== Data below ==
###
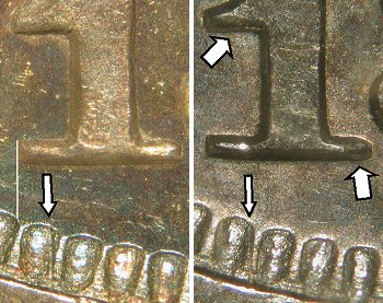 Oddly enough, there is a similar thin gouge or die line next to the same denticle below the 1, but it is minutely left of the one on Obverse 2! The top of this die line actually intrudes into the denticle itself. See comparison photos below for date and denticle die line placement.
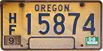 - ↑ "Old Oregon License Plates". LeatherLicensePlates.com. Retrieved August 17, 2017.
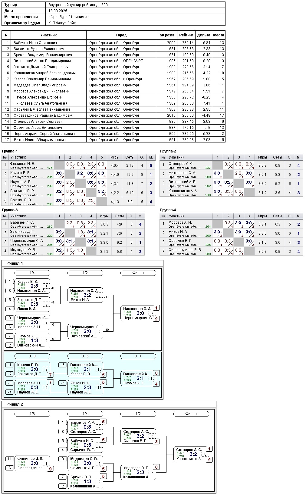 Сегодня в турнире игроков с рейтингом до 300 приняли участие 17 спортсменов.
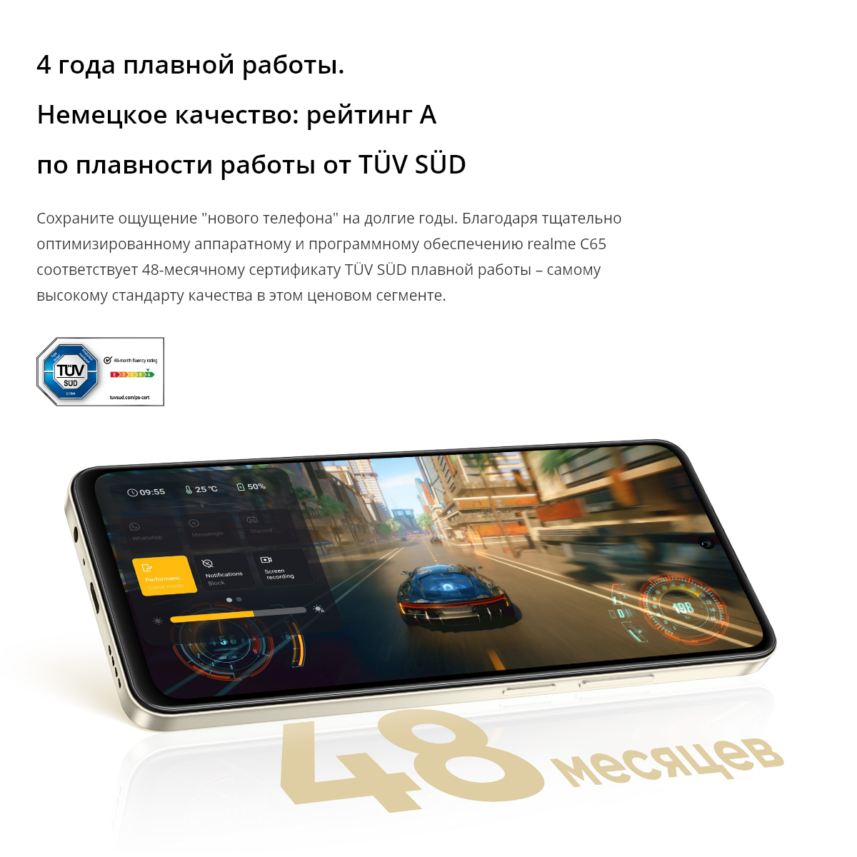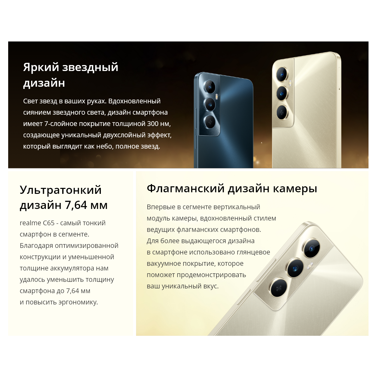 Элегантный дизайн Realme C65 - самый тонкий телефон в своем сегменте.
###
== What is being asked ==
With the pictures removed, write out exactly the lines from the line containing "Сегодня в турнире" through the last line of the material above, both included.

== Worked solution ==
 Сегодня в турнире игроков с рейтингом до 300 приняли участие 17 спортсменов.
 Элегантный дизайн Realme C65 - самый тонкий телефон в своем сегменте.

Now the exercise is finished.